See [[Moldovan language]] for details.
However: Romanians have had an unhappy history with all things Russian (see [[History of Romania]]) and the historically-recent carving up of the [[Principality of Moldavia]], and many feel _very_ strongly, for political, historical, and cultural reasons that they don't want to have _anything_ to do with the use of Cyrillic to write Romanian, to the point that they took the Cyrillic character off the Wikipedia globe in the logo for the ro: Wikipedia.
This is a _major_ nationalist issue for many Romanians. So, politics and script system appear to be very tightly coupled.
There only seem to be three practical ways forward:
1 Maintain the status quo, and don't create an mo: Wikipedia
2 Create a separate mo: Wikipedia in Cyrillic, effectively duplicating the ro: Wikipedia in a different script.
3 Two front ends, one database.
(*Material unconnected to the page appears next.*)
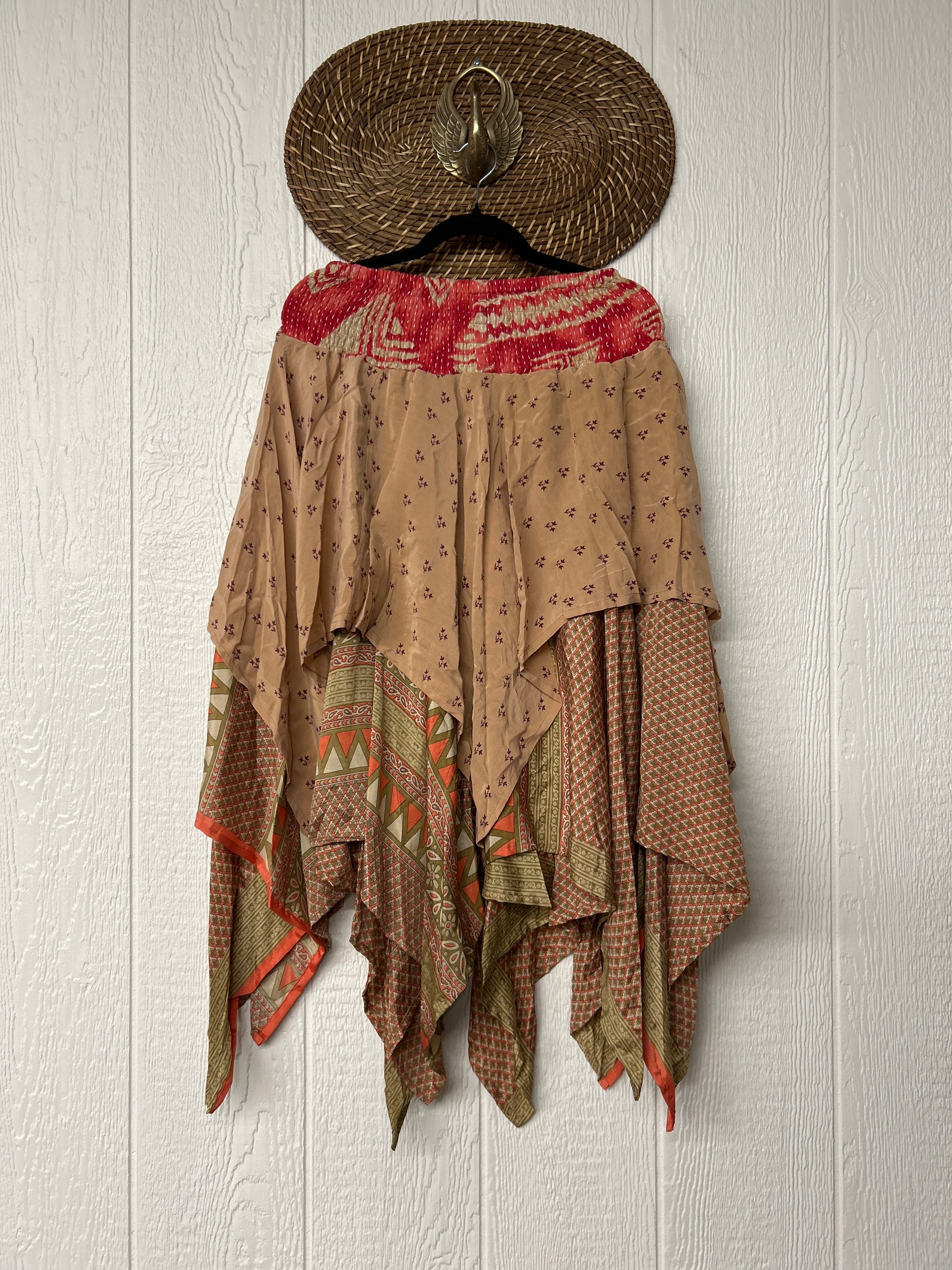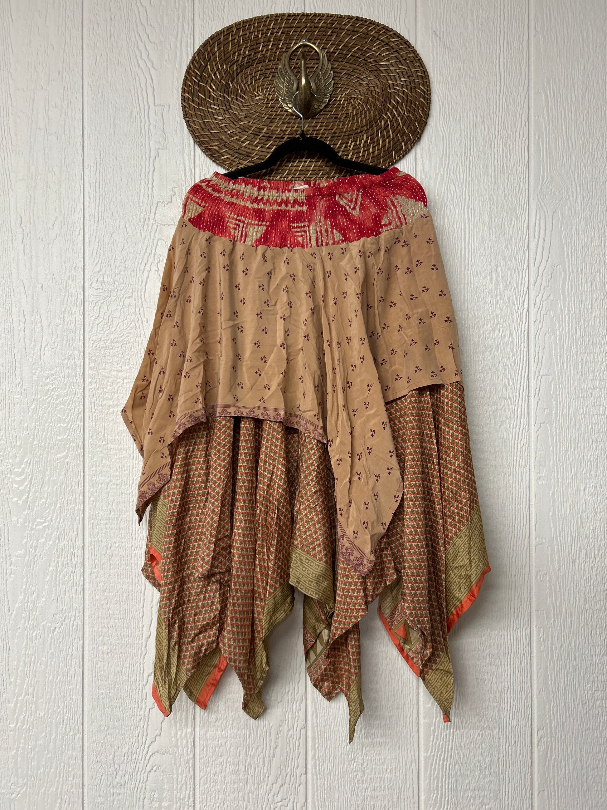 crafted from our ultra lux vintage crepe and ragulla sari. Features a rock star asymmetrical hem and stretchy pareo kantha waistband. This versatile piece can be pulled up to be worn as a tunic!

Add dual-script interface support to the ro: Wikipedia, but: unlike with the zh: Wikipedia, a dual-script interface within a single domain will _not_ appeal to those who are against having even a single Cyrillic letter on the logo, so there will have to be two domains, ro: and mo:, the former with a Latin-only interface and article display, and the latter with either Cyrillic-only or dual-script support, both using the same back-end database, which must, I believe, remain entirely Latin-based for technical, historical, and diplomatic reasons.
My personal preference is option 3, since option 1 disenfranchises almost 4 million people, and option 2 effectively forks the ro: Wikipedia, and will in any case most likely simply be filled up with machine-transliterated articles from ro:
However, to implement option 3, there will need to be not only a lot of consensus-building, but also the implementation of a reliable, round-trippable, Latin <-> Cyrillic transliteration system for Romanian, which does not yet exist. There are several options which are _nearly_ workable, but work would be needed to make this happen, and would require expertise from both the mo: and ro: communities.
Whichever option you choose, you will make some people _very_ unhappy.